Текст книги "Том 4. История западноевропейской литературы"
Автор книги: Анатолий Луначарский
Жанр:
Критика
сообщить о нарушении
Текущая страница: 9 (всего у книги 45 страниц)
Новая гуманистическая интеллигенция противопоставляла себя духовенству, – чем дальше, тем более резко. Старое общество состояло из феодалов и мужиков. А кто был идеологическим вождем? Жрец католический. А теперь? Теперь на первый план выдвинулись купец и солдат. Они спаялись воедино. Это был коммерсант-воин и воин-коммерсант. Каждый кондотьер торговал, жкаждый купец был воинственен. Новым сеньорам противостояли бедные горожане и крестьяне. Гуманисты пытались руководить этим новым обществом.
Может быть, гуманисты будут новым духовенством? Но духовенство было чудесно сорганизовано, оно имело церковную организацию, оно имело универсальную политику, руководимую папами; это был союз, унаследованный от старых времен и отлично приспособленный к тому, чтобы создавать нужную идеологию для кругов правящих и нужный обман для кругов низших. Духовенство умело обуздывать народ и вести его за собой.
Могли ли гуманисты держать в узде низшие круги? Что они могли им сказать? Латинские стихи? Чем они могли прельстить их? Проповедью: лови наслаждения дня, потому что смерть кончает все? Но на это им сказали бы: «А! Лови день! – Значит, нужно приняться за богатых и выжать из них все, что мне нужно для этого сегодняшнего дня!» У гуманистов не было возможности так овладеть народом, как это удалось католикам. Поэтому, хотя известную борьбу с католической церковью гуманисты старались вести, духовенство было сильнее гуманистов.
Равным образом влияние гуманистов на общественные верхи было далеко не беспредельным. Высшая знать, конечно, хотела «жить и пользоваться жизнью», но побаивалась прямо вступать на стезю чистого язычества, так как с молоком матери всосала идею бессмертной души. Страшно ведь: а ну как ад существует? А поп грозит: ты ушел к гуманистам, душенька твоя много поплачет об этом на том свете! И недавно вышедший из средневековья темный человек трепетал. Часто и сами гуманисты боялись бога и подумывали о своей душе. Когда наступал смертный час, многие из этих полуатеистически настроенных гуманистов посылали за священником. В каждом из них жил католик. Это делало их слабыми.

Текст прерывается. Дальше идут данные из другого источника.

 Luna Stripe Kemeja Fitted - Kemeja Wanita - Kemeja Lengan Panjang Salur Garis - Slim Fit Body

К тому же каждый из гуманистов жил сам по себе и вел отчаянную полемику с другими. Все они вели настоящую борьбу шутов между собою, друг друга изобличали; изобличали и господ – не своих, конечно, а чужих, а когда переходили к новому хозяину – ругали старых хозяев.

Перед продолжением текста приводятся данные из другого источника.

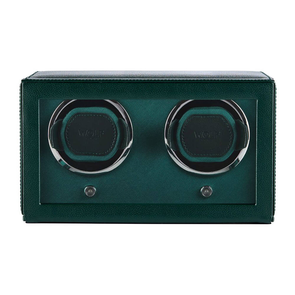 Natahovač WOLF Double Cub 461241 v odstínu hluboké zelené není jen funkčním příslušenstvím, ale i stylovým doplňkem každé sbírky automatických hodinek. Navržený pro dva časoměry spojuje přesnost chodu s elegantním, výrazným vzhledem. Jeho konstrukce je založena na renomovaném mechanismu WOLF s patentovaným čítačem otáček, který zajišťuje přesné udržení rezervy chodu bez zbytečného přepínání pružiny. Každý ze dvou modulů funguje nezávisle, což umožňuje uživateli individuálně nastavit režim a směr otáčení pro každý hodinek zvlášť.

Неорганизованность и распыленность гуманистов не давали возможности этой породе интеллигенции сыграть руководящую ноль, о которой они мечтали. Но надо сказать прямо, что светская интеллигенция никогда такой роли не приобретала и не приобрела во все времена, сколько стоит мир.

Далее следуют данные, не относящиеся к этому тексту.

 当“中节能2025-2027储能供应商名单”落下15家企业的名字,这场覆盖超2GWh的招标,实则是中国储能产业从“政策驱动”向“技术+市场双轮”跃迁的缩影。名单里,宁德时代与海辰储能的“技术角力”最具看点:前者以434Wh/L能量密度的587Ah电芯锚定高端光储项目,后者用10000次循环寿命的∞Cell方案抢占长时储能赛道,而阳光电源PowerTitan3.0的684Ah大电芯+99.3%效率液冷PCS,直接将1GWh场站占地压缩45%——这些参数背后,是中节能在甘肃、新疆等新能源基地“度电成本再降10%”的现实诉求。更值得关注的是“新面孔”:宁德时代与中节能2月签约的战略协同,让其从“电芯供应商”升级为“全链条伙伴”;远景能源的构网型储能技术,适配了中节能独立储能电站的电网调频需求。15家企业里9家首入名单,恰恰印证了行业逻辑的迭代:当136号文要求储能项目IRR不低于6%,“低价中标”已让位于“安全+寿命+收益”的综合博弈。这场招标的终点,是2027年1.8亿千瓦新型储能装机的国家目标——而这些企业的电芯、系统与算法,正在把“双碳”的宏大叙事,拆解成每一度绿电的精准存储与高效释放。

Богатые монастыри (все равно где – в Тибете или в Индии, в России или на Западе) играли роль не только хозяйственных, но еще больше идеологических организаторов. В силу известного соотношения других классов они становились регулирующей силой и часто делались силою господствующей настолько, что какой-нибудь брамин считал себя много выше представителей фактически господствующего класса – дворянства, а папа требовал, чтобы император приходил целовать ему туфлю. На основе идеологического господства приобреталось и прочное хозяйственное значение.
Когда положение изменилось и новое общество, народившееся в эпоху Возрождения, нашло для себя своих светских идеологов, то эта новая группа идеологов оказалась расщепленной, пескообразной и, конечно, власти никакой иметь не могла, а только в области искусства, да и то лишь в известной мере, второстепенно, проводила кое-какие собственные тенденции.
Петрарка был самым выдающимся из гуманистов своего времени, самым талантливым, самым ученым, самым почтенным. В отличие от других гуманистов, он держался с величайшим достоинством. Но не только это делало его вождем светской интеллигенции, а еще и то, что он прекрасно ладил с христианством. Правда, ладить с христианством ему было очень трудно, и он иногда, обливаясь слезами, заявлял: какие же мы христиане, когда так восторгаемся Цицероном и другими языческими авторами! 16 Он сознавал, что литература, где наряду с житиями святых отцов появляются жизнеописания героев со всеми человеческими страстями и грехами, отражает упадок христианства. Он грустил об этом, но не упиваться новой светской культурой он, однако, не мог. Петрарка чувствовал, что именно «языческое» начало дает ему славу, что именно оно ставит его во главе всего современного ему культурного мира. Тем более его тянуло сюда.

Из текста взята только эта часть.